SpringBoot整合WebMagic实现爬虫(简单入门含gi
SpringBoot整合WebMagic
前言
为什么我要整合WebMagic ?
WebMagic是一个简单灵活的Java爬虫框架。基于WebMagic,你可以快速开发出一个高效、易维护的爬虫。
因为部分网站它不支持外链图片上传,而我已经把我的图片资源上传了,所以我需要把所有的资源进行获取整合再在部分网站重新上传;
举个🌰:
图片上传失败例子红框里的就是上传失败的。
很无奈,人家不支持外链地址,那没有办法,自己重新上传吧!
所以我通过WebMagic进行爬取我放置在其他网站的博客再进行上传。
如下🌰:
csdn博客文章
爬取后获得的资源:
爬取(120436445)图片资源
文档迭代
version | 功能 | 详细描述 |
---|---|---|
0.0.1 | 通过整合WebMagic实现了通用列表(多页面)及详细内容(单页面)的通用爬取接口 | 通用列表(多页面是指列表页面中的详情页),单页就是指的详情页 |
项目技术版本(技术选型)
jdk - version - 1.8
maven - version - 3.8.1
SpringBoot - version - 2.2.2.RELEASE
Swagger - version - 2.7.0
remark - version - 1.0.0
webmagic - version - 0.7.3
其他 参考pom
项目地址
gitee地址: https://gitee.com/zjydzyjs/spring-boot-use-case-collection/tree/master/webmagic
前置知识
WebMagic 需自主学习
[webmagic官网](http://webmagic.io/)
[webmagic详情文档](http://webmagic.io/docs/zh/)
这里说一下我的感慨,webmagic的作者是真厉害,他再官方上也说了,该框架是他自己业余开发,这个精神值得佩服,在此感谢作者([Yihua Huang](https://github.com/code4craft));
假设你已经学习了该项目,可以继续学习了。
WebMagic 简单测试
文档中的第一个用例:
文档中的第一个用例
你可以再idea中进行搜索(快速按两次 shift),输入GithubRepoPageProcessor类就可以发现这个作者已经写好的用例了,我们可以测试一下。
package us.codecraft.webmagic.processor.example;
import us.codecraft.webmagic.Page;
import us.codecraft.webmagic.Site;
import us.codecraft.webmagic.Spider;
import us.codecraft.webmagic.processor.PageProcessor;
public class GithubRepoPageProcessor implements PageProcessor {
private Site site = Site.me().setRetryTimes(3).setSleepTime(1000).setTimeOut(10000);
public GithubRepoPageProcessor() {
}
public void process(Page page) {
page.addTargetRequests(page.getHtml().links().regex("(https://github\\.com/[\\w\\-]+/[\\w\\-]+)").all());
page.addTargetRequests(page.getHtml().links().regex("(https://github\\.com/[\\w\\-])").all());
page.putField("author", page.getUrl().regex("https://github\\.com/(\\w+)/.*").toString());
page.putField("name", page.getHtml().xpath("//h1[@class='public']/strong/a/text()").toString());
if (page.getResultItems().get("name") == null) {
page.setSkip(true);
}
page.putField("readme", page.getHtml().xpath("//div[@id='readme']/tidyText()"));
}
public Site getSite() {
return this.site;
}
public static void main(String[] args) {
Spider.create(new GithubRepoPageProcessor()).addUrl(new String[]{"https://github.com/code4craft"}).thread(5).run();
}
}
你直接通过通过以下用例进行调用就可以测试了,在类{@link com.blacktea.webmagic.demo.WebMagicTest}里,
@Test
void testDemo1(){
Spider.create(new GithubRepoPageProcessor())

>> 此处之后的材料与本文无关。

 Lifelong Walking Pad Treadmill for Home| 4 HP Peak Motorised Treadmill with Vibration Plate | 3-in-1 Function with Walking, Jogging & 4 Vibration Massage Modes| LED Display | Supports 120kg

.addUrl(new String[]{"https://github.com/code4craft"})
.thread(5).run();
}
运行得到错误内容:
10:34:13.307 [main] DEBUG us.codecraft.webmagic.scheduler.QueueScheduler - push to queue https://github.com/code4craft
10:34:13.730 [main] INFO us.codecraft.webmagic.Spider - Spider github.com started!

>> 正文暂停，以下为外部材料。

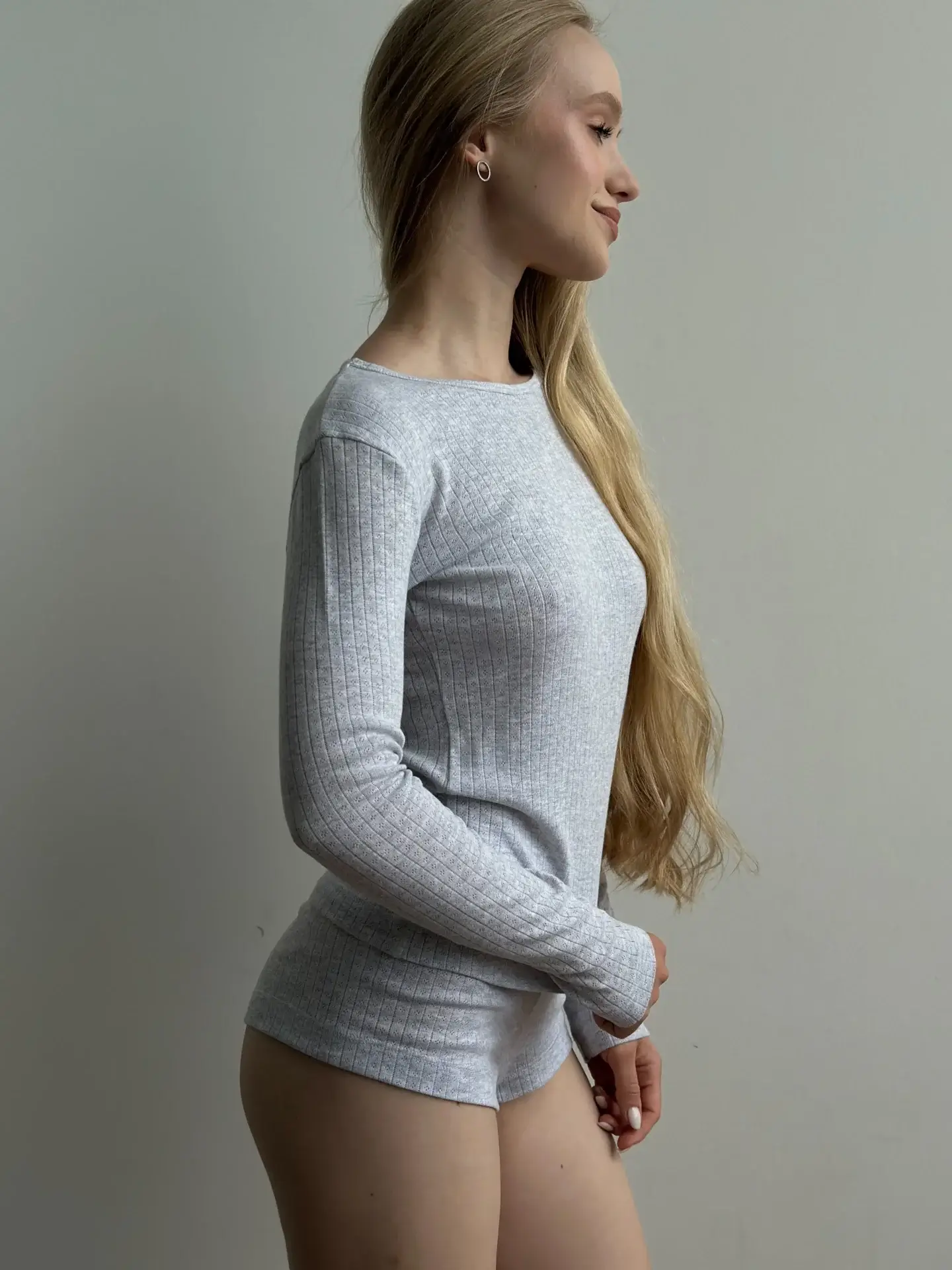 Koszulka z długim rękawem, z ribany prążkowanej, szara

10:34:13.762 [pool-1-thread-1] DEBUG org.apache.http.client.protocol.RequestAddCookies - CookieSpec selected: standard
10:34:13.766 [pool-1-thread-1] DEBUG org.apache.http.client.protocol.RequestAuthCache - Auth cache not set in the context
10:34:13.766 [pool-1-thread-1] DEBUG org.apache.http.impl.conn.PoolingHttpClientConnectionManager - Connection request: [route: {s}->https://github.com:443][total kept alive: 0; route allocated: 0 of 100; total allocated: 0 of 5]

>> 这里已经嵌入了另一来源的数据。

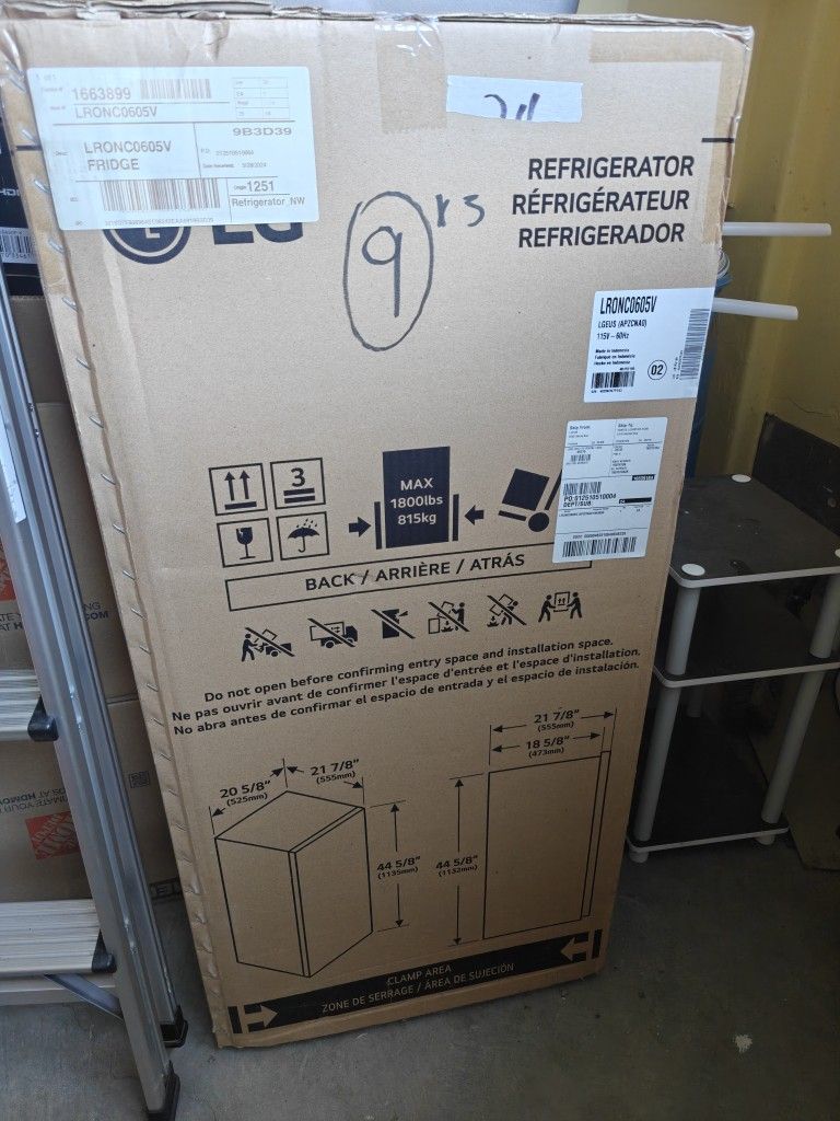 Brand new in the original packaging box. Never opened. See specs at https://offerup.com/redirect/?o=aHR0cHM6Ly93d3cubGcuY29tL3VzL3JlZnJpZ2VyYXRvcnMvbGctbHJvbmMwNjA1di1zaW5nbGUtZG9vci1yZWZyaWdlcmF0b3I= Local pickup only.

10:34:13.774 [pool-1-thread-1] DEBUG org.apache.http.impl.conn.PoolingHttpClientConnectionManager - Connection leased: [id: 0][route: {s}->https://github.com:443][total kept alive: 0; route allocated: 1 of 100; total allocated: 1 of 5]
10:34:13.775 [pool-1-thread-1] DEBUG org.apache.http.impl.execchain.MainClientExec - Opening connection {s}->https://github.com:443
10:34:13.778 [pool-1-thread-1] DEBUG org.apache.http.impl.conn.DefaultHttpClientConnectionOperator - Connecting to github.com/140.82.112.4:443
10:34:13.778 [pool-1-thread-1] DEBUG org.apache.http.conn.ssl.SSLConnectionSocketFactory - Connecting socket to github.com/140.82.112.4:443 with timeout 10000
10:34:14.052 [pool-1-thread-1] DEBUG org.apache.http.conn.ssl.SSLConnectionSocketFactory - Enabled protocols: [TLSv1]
10:34:14.052 [pool-1-thread-1] DEBUG org.apache.http.conn.ssl.SSLConnectionSocketFactory - Enabled cipher suites:[TLS_ECDHE_ECDSA_WITH_AES_256_CBC_SHA, TLS_ECDHE_RSA_WITH_AES_256_CBC_SHA, TLS_RSA_WITH_AES_256_CBC_SHA, TLS_ECDH_ECDSA_WITH_AES_256_CBC_SHA, TLS_ECDH_RSA_WITH_AES_256_CBC_SHA, TLS_DHE_RSA_WITH_AES_256_CBC_SHA, TLS_DHE_DSS_WITH_AES_256_CBC_SHA, TLS_ECDHE_ECDSA_WITH_AES_128_CBC_SHA, TLS_ECDHE_RSA_WITH_AES_128_CBC_SHA, TLS_RSA_WITH_AES_128_CBC_SHA, TLS_ECDH_ECDSA_WITH_AES_128_CBC_SHA, TLS_ECDH_RSA_WITH_AES_128_CBC_SHA, TLS_DHE_RSA_WITH_AES_128_CBC_SHA, TLS_DHE_DSS_WITH_AES_128_CBC_SHA, TLS_EMPTY_RENEGOTIATION_INFO_SCSV]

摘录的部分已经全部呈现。